══ TASK INPUT

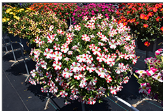
Amore King of Hearts Petunia in bloom

Amore King of Hearts Petunia will grow to be about 12 inches tall at maturity, with a spread of 14 inches. When grown in masses or used as a bedding plant, individual plants should be spaced approximately 10 inches apart. Its foliage tends to remain dense right to the ground, not requiring facer plants in front. This fast-growing annual will normally live for one full growing season, needing replacement the following year.
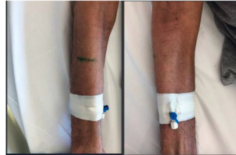
FIGURE 2: The right upper extremity image of the patient—after RT.

Radiotherapy has been used for many years for patients with MF. Radiotherapy is not only effective treatment for the early-stage disease but also contributes to palliative treatment when the disease is advanced. For advanced MF, TSEI is involved in palliation of symptoms such as itching, pain, or dandruff. To date, experiences have shown that the effective dose of RT in the curative treatment of MF is 30 Gy or
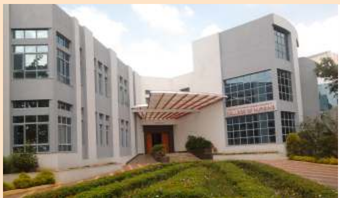
College of Nursing, Sangli
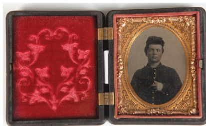
Daguerrotype Depicting Union Soldier
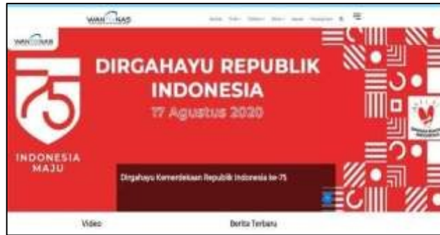
Picture 1. Website of Dewan TIK Nasional

Cyber Public Relations activities of course there are several processes and stages. Public Relations of WANTIKNAS uses the website as the official media to convey information and introduces the profile of WANTIKNAS as the identity of the WANTIKNAS agency. In addition, the official website also contains content related to activities carried out by WANTIKNAS.
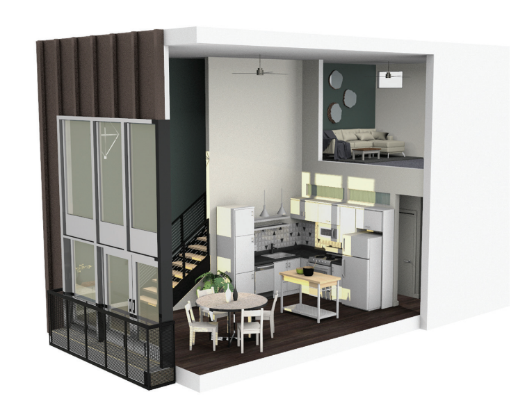
Unit 2 Loft
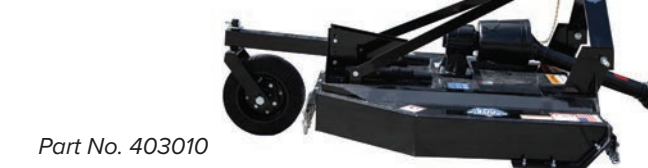
Part No. 403010
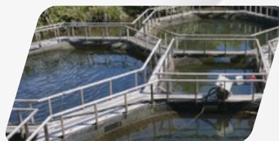
Fish pond drainage and irrigation
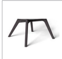
6BLK Matte black 4-leg wood base (mid back only)
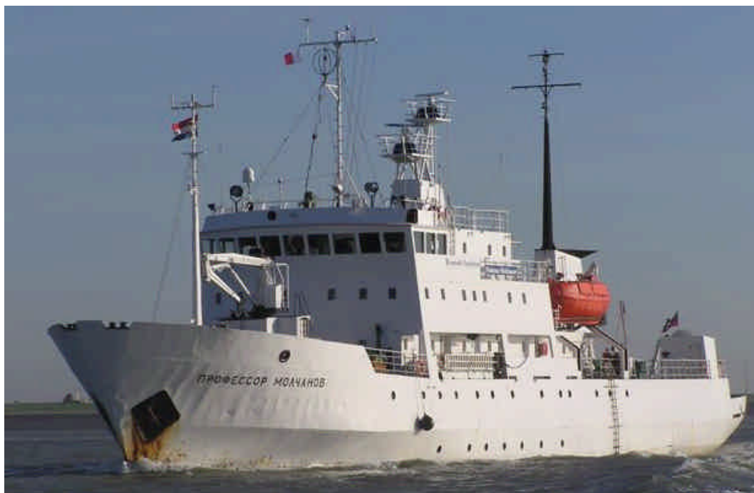
The PROFESSOR MOLCHANOV outward bound in Flushing — photo : Jamie Reurink ©

Photo : Alasdair McDiarmid - Master DSV Bar Protector ©
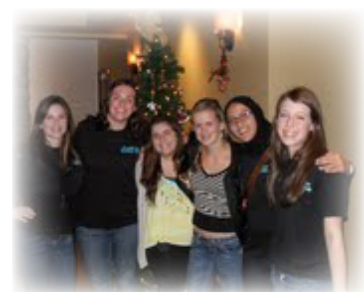
The youth volunteers
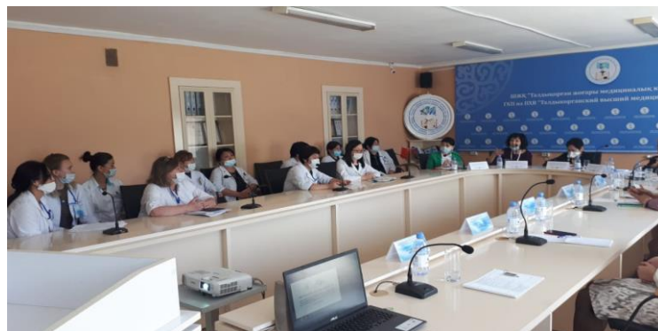
Photo 3. EEC conducts an interview with the chairperson of the CEP and the heads of the offices.

Members of the EEC visited the museum, college dormitory, first-aid post, sports and assembly halls. The information support department, consisting of three computer classes, was examined (181 computers connected to the Internet and 2 interactive panels are involved in the educational process).
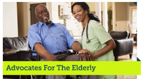
Advocates For The Elderly
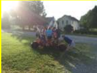
@CHILIYOUTHGROUPS October 2016 Newsletter

Name: Chili Presbyterian Youth Groups Location: Rochester, New York Web: chili-presbyterian.org Bio: Jr. and Sr. High youth groups looking to strengthen their faith in Christ and build lifelong relationships with others.
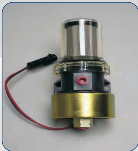
Fuel Pump Part No. 41-7059

Marshall Fleet Solutions latest promotional offer for 2010! Purchase 3 genuine Thermo King fuel pumps in one order and buy them for £100 (+ VAT) each!
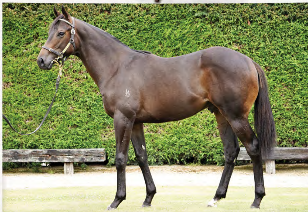
TIME TEST - ROYAL EXCESS - LOT 83
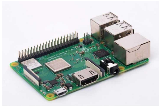
Figure 1. Raspberry Pi 3

The Raspberry Pi 3 microprocessor was used for autonomous driving in the unmanned underwater vehicle. Raspberry Pi Camera Module, which is compatible with Raspberry Pi 3, was preferred as the camera. Python is used as the software language. Figure 1 shows the raspberry Pi 3 module, Figure 2 also shows the Raspberry Pi Camera Module.
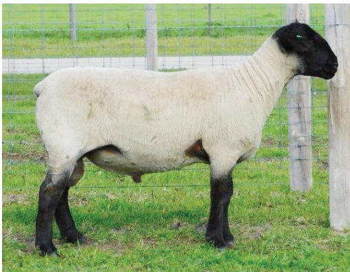
SUFFOLK Lot 34 190439
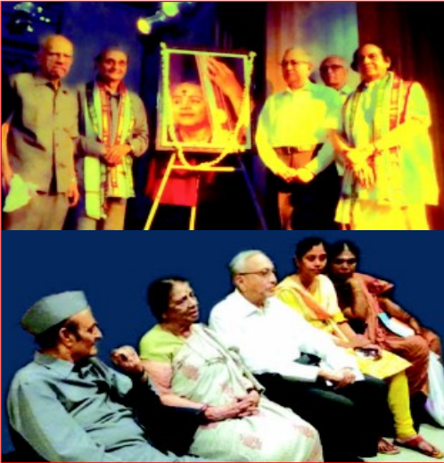
Dr. Karan Singh at the Triplicane Cultural Academy

════

> [PROBLEM DESCRIPTION]:
How many lines in the listing above include the word "involved"? Respond with the number and nothing else.

> [EXPECTED OUTPUT]:
2